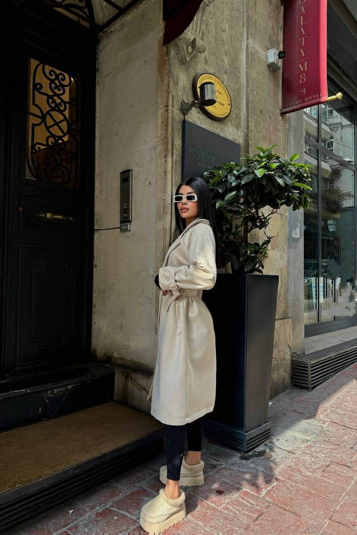 ONE COLOR BELT DETAIL LONG WOMEN COAT BEIGE/BEZHE
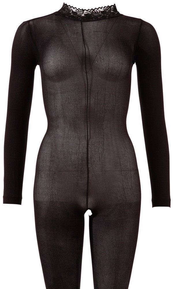 Bodystocking transparent - catsuit provocator din plasă fină și model clasic M/L, negru
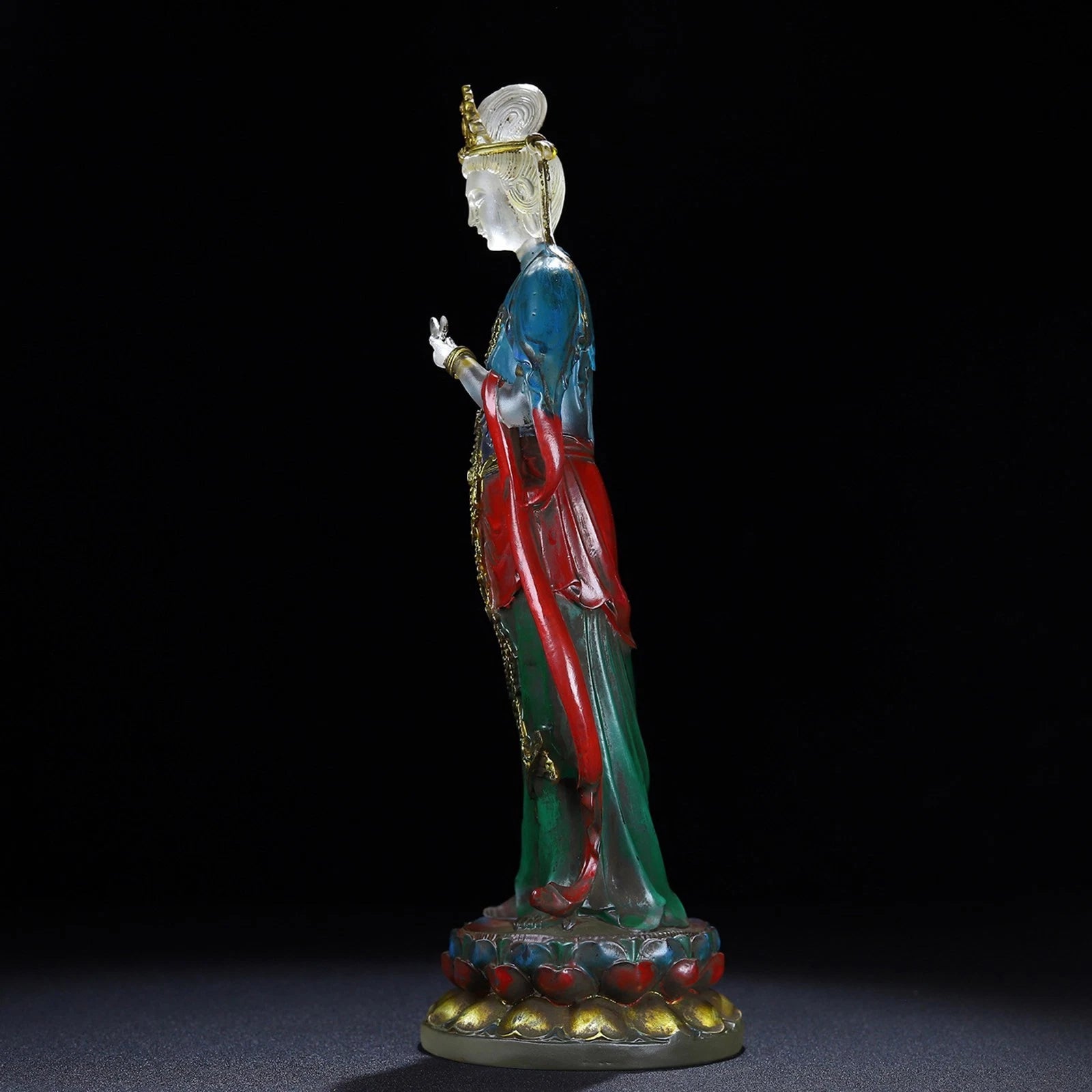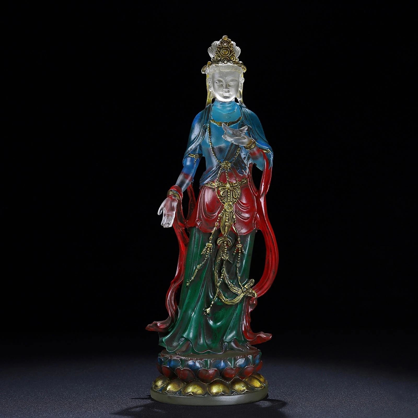 Trouvez la paix intérieure avec notre statuette de Guan Yin. Exquise et détaillée, cette représentation de la déesse de la compassion apportera sérénité et harmonie à votre espace. Fabriquée avec soin, sa beauté envoûtante vous transportera dans un monde de paix et de contemplation. Offrez-vous un moment de sérénité chaque jour.
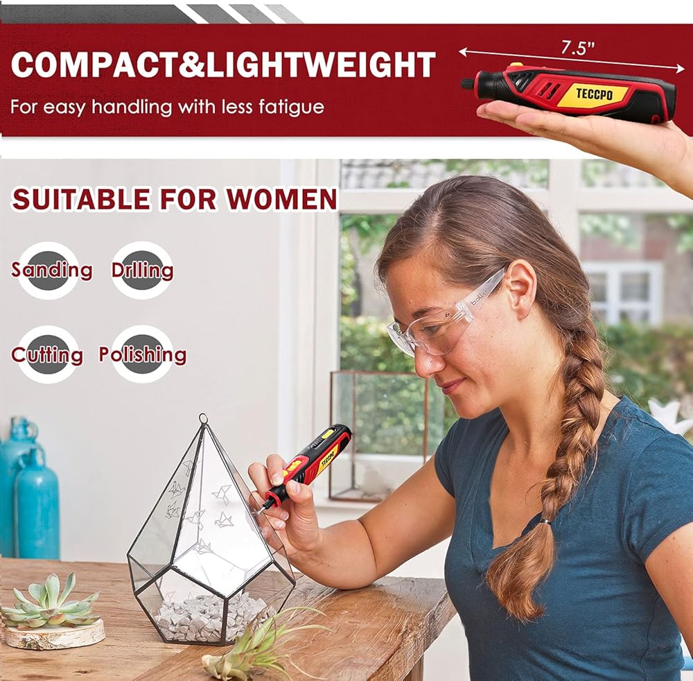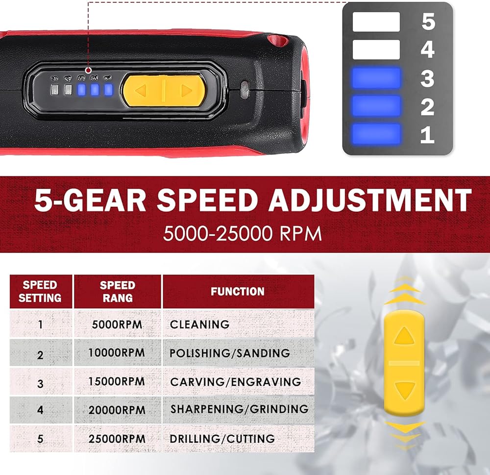 【5 سرعات قابلة للتعديل】- يمكن للأداة الدوارة اللاسلكية TECCPO تحقيق 5 سرعات متغيرة (5000/10000/15000/20000/25000 دورة في الدقيقة)، فهي تسمح لك بتعديل سرعة التلميع والتحكم فيها بدقة لتلبية قوة السيناريوهات المختلفة، مما يجعل عملك الفني إنشاء DIY أمر سهل للغاية. مع مواد مختلفة مثل الخشب والمعادن الناعمة والبلاستيك والحجر، فإن الإبداع المعجزة أصبح بين يديك!
□ □ □ □ □ □ □
Pictures aside, print every line of the material exactly.

 ONE COLOR BELT DETAIL LONG WOMEN COAT BEIGE/BEZHE
 Bodystocking transparent - catsuit provocator din plasă fină și model clasic M/L, negru
 Trouvez la paix intérieure avec notre statuette de Guan Yin. Exquise et détaillée, cette représentation de la déesse de la compassion apportera sérénité et harmonie à votre espace. Fabriquée avec soin, sa beauté envoûtante vous transportera dans un monde de paix et de contemplation. Offrez-vous un moment de sérénité chaque jour.
 【5 سرعات قابلة للتعديل】- يمكن للأداة الدوارة اللاسلكية TECCPO تحقيق 5 سرعات متغيرة (5000/10000/15000/20000/25000 دورة في الدقيقة)، فهي تسمح لك بتعديل سرعة التلميع والتحكم فيها بدقة لتلبية قوة السيناريوهات المختلفة، مما يجعل عملك الفني إنشاء DIY أمر سهل للغاية. مع مواد مختلفة مثل الخشب والمعادن الناعمة والبلاستيك والحجر، فإن الإبداع المعجزة أصبح بين يديك!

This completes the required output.